И только входная дверь была не деревянной, а железной. С деревянными входными дверьми, которые в хрущобах открывались внутрь, одним пинком, жить в девяностые годы стало опасно. Железная дверь была единственным ремонтом, на который у Лены хватило сил.
    Лена сильно изменилась. Поседела. Потускнела. Постарела. Потолстела. И стала ниже ростом. Бабка пенсионного возраста. Уллюкаев, увидев ее, слегка испугался: он ведь старше ее, неужели и он выглядит таким древним дедулькой? Но Лена тут же успокоила его словами:
- Уллюкаев ты не меняешься. Каким был в восьмидесятые, такой же сегодня.
- Ты тоже, - соврал Уллюкаев. - Посвящай в свои проблемы.
- А вот моя проблема, - сказала Лена и распахнула дверь маленькой комнаты. На диване валялся совершенно голый пьяный пузатый мужик. - Узнаешь?
- Нет.
- Это Егор. Точнее, то, во что он превратился.
- Жуть!
- Да, жуть. Уже года четыре он почти не выходит из квартиры. А если и выходит, то только ночью. Его ежедневная еда – пять литров пива, пачка соленых орешков, полбулки хлеба,  пачка сигарет. Иногда – несколько картофелин. Иногда – грамм триста настойки.  

    Лена тоже почти не выходила из дома. Ей было стыдно. Казалось, что все люди на улице смотрят на нее с укором: во что ты превратила своего сына! Лена целыми днями тупо сидела на одном месте и ждала приказов Егорки: эй, принеси чего-нибудь пожрать! Эй, я обоссался, вытри пол в моей комнате! Эй, дай денег на пиво!

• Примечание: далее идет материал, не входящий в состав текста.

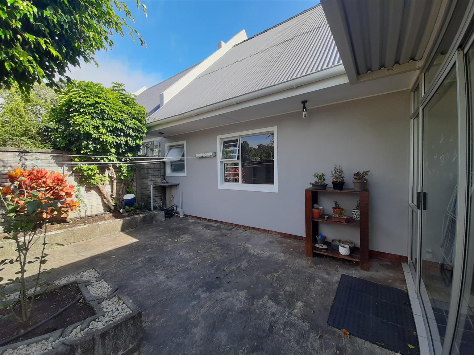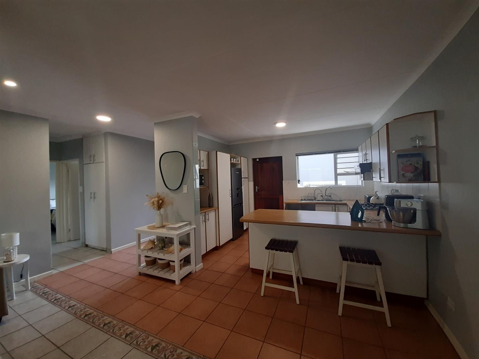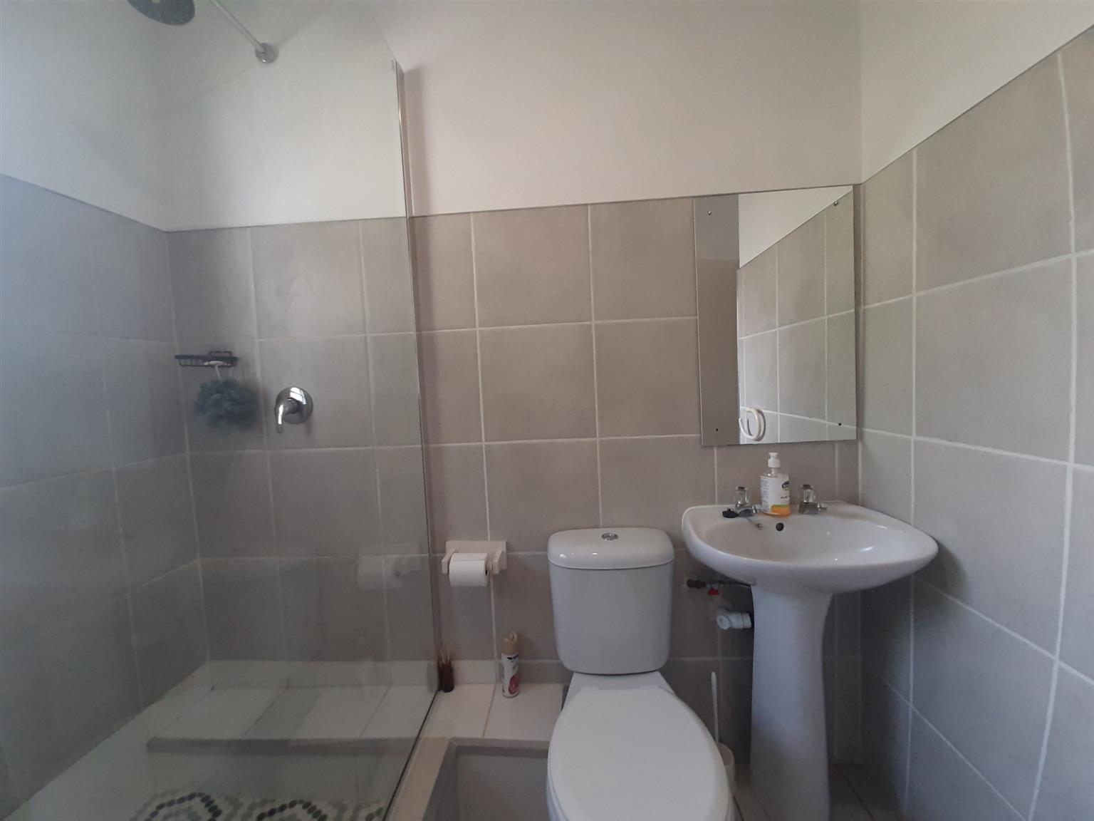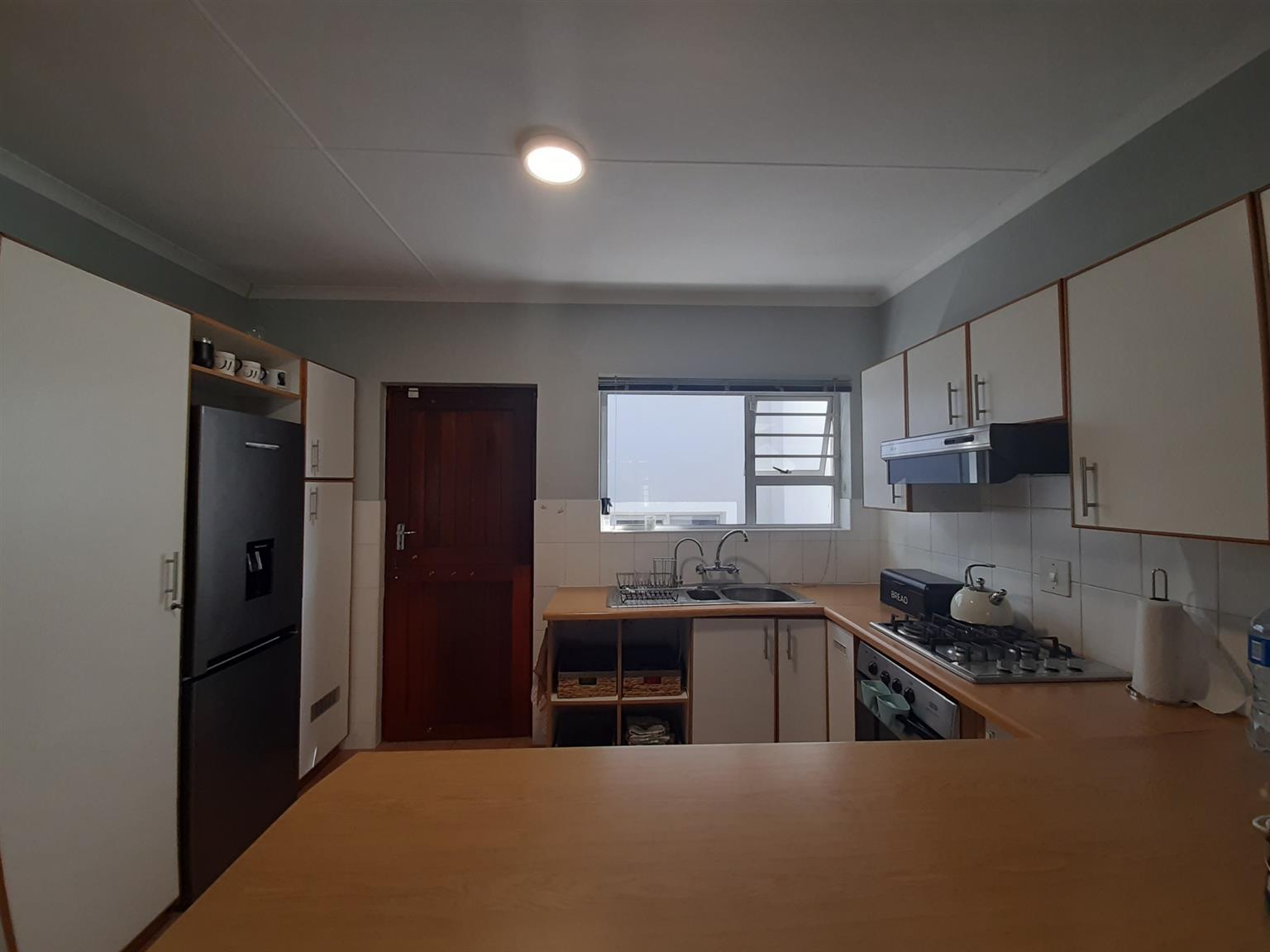 This very neat and modern 2 bedroom unit is located in a well managed and secure complex close to a primary school, shops and main access roads in Abbotsford. The open plan kitchen/lounge is spacious and leads to a lovely entertainment lounge and private back yard. The main bedroom has an en-suite (Shower, basin and toilet) whilst the second bedroom is served by a main bathroom, also with shower, basin and toilet. There are floor tiles, burglar bars and blinds throughout the home and the single garage has a remote controlled door with a loft and access to a courtyard which leads straight into the house. The under cover car port is paved and there is a 750L slimline water tank installed to ensure back up water supply for the small garden in front of the home.

    Уже с год Лена ловила себя на страшном желании. Она хотела умереть. И не просто хотела, а мечтала умереть. В ее мечтах смерть была не только избавительницей от страданий, но и дверью для Егорки в лучшую жизнь. Ведь сколько в нем ненависти к ней. Эта ненависть мешает ему жить. И она, мать, виновата в этой ненависти – считала Лена. А вот уйдет она из жизни, некого станет Егорке ненавидеть. И пойдут у него дела на лад.
    Покончить жизнь самоубийством Лена не решалась. Всю жизнь атеистка, она все же слышала, что самоубийство – самый страшный грех, какой только бывает на земле. И вдруг этот ее грех закроет Егорке дорогу к лучшей жизни?
    Радужные мечты о смерти долго не длились. Превращались в темное пятно безысходности и отчетливого понимания, что своим уходом она Егорку не спасет. Наоборот, сделает ему только хуже. Совершенно неприспособленный к жизни, он долго не протянет без нее. Во время таких погружений в безысходность, Лена внезапно вспомнила Егоркиных «отцов». Ведь они же друзья. Хотя и бывшие. Но, может, помогут?    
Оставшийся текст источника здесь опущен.